Your Name: Paola Moretto

Business Name: CloudyDays, a service for cloud-based application maintenance

Type of Business: High Tech

Business Location: Portland, Oregon, United States

Twitter @TheCloudyDays, @paolamoretto3

Reason for starting
I have worked in the corporate world for almost twenty years and I had a successful career. Until… I became a mother. I had children late in life (after 40) for the simple reason that I wanted to first build a career and then focus on the family. This strategy clearly backfired. I encountered the so-called “maternal wall”, strong bias against motherhood and high profile career. I was pushed out of important assignments. I felt I could do more for myself and for my career but I was clearly clashing with corporate culture. When I left the company I re-discovered my passion for high tech, for making something new that is going to change the world. At the same time, I wanted to do it based on my own view of the world. I want to be able to set my own rules. A friend of mine said: “As you talk to investors, don’t say you have kids.” I reflected on that and thought “No thank you. Being a mother is nothing to hide”
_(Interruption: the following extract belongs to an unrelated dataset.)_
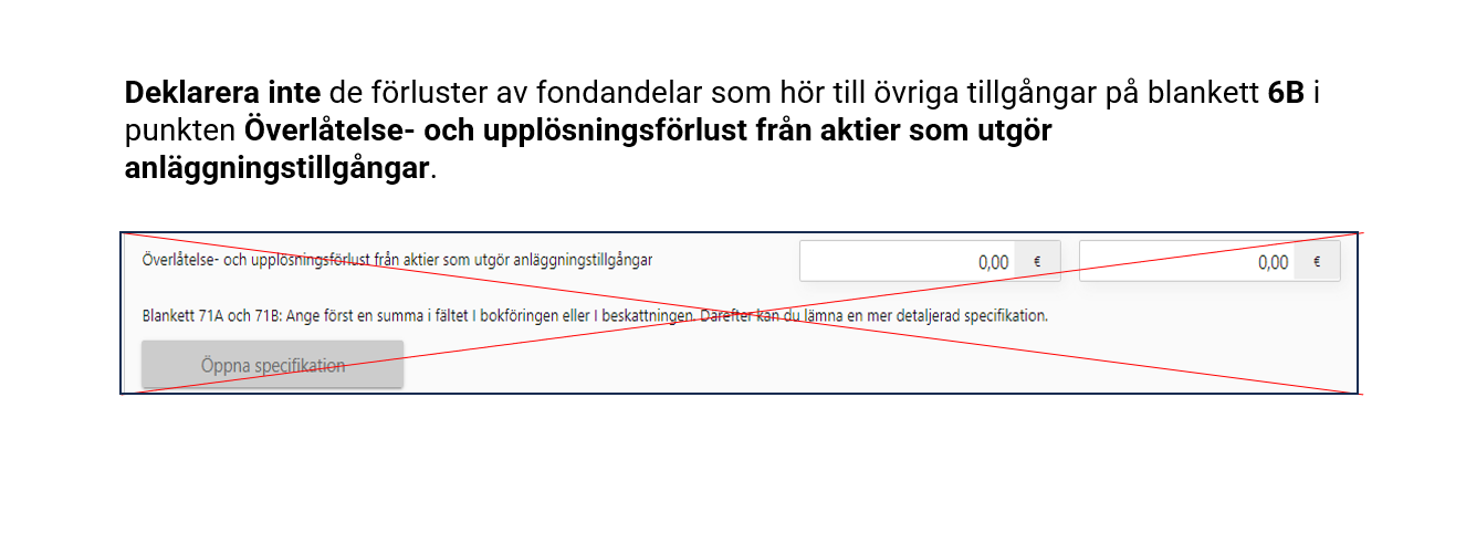Deklarera inte de förluster av fondandelar som hör till övriga tillgångar på blankett 6B i punkten Överlåtelse- och upplösningsförlust från aktier som utgör anläggningstillgångar.

How do you define success?
Success for me implies working with a small team of highly talented people, creating something new, and having fun while doing it. Success also means continuous problem solving. As a startup moves in its journey from an idea to a better defined concept, to a business plan and a team, to a prototype, the founders are faced with a continuous set of challenges. Success means overcoming these challenges one by one. It’s an accelerated and exhilarating learning process. Also, success implies navigating the ups-and-downs, the emotional roller-coaster associated with starting a company: the highs have never been so high, but the lows have never been so low.

Biggest Success
My passion is working on technologies that could change the world. I have always taken this direction in my career, and used this principle as my “North Star” that helped me decide what is important to me at any given time. My biggest successes are related to technologies that made big changes possible. I am proud to have led the Centrino effort: high bandwith Wi-Fi made connectivity everywhere possible and clearly enabled new ways of buying, interacting, working. I led the first WiMAX solution ever delivered to the market. And previously, I have worked for several years on cellular technologies that found their home in today’s current smartphones. Today is the cloud, on-demand pooled computing resources that drive tremendous acceleration, among other things, in business creation. As such, I am proud to be part of the cloud revolution and excited about what the new technology will make possible.

What is your top challenge and how have you addressed it?
In starting this business, one of the top challenges has been finding the right co-founders. Building a team has its own alchemy: like a recipe, you need the right ingredients in the right amount. It also needs chemistry, that unquantifiable element that makes working together smooth and aligning your passions easy. It has proven to be a challenge. As in many cases in life, a series of coincidences brought me back to a lifelong friend, who just so happened to go through a career transition at the time. We had in the past, shared the same love for the outdoors and climbed two “fourteener” together. We also arrived together as expats in the US and faced the numerous challenges of reinventing a life and a career in a foreign country. We had written our first resume together. She has a similar background, and a gift for interpersonal relationships. What else could I ask for in a co-founder?

Who is your most important role model?
As for many other budding entrepreneurs, Steve Jobs represents a role model to me. He embodies a lot of the traits that I deeply admire in innovators: strong leadership, independent thinking, non-conforming approach, and a complete and utter trust in his own intuition. For somebody who has spent her entire career in product development, Steve Jobs lessons and modus operandi highly resonated with me: obsessive attention to details, importance of design, creating trends and not following trends.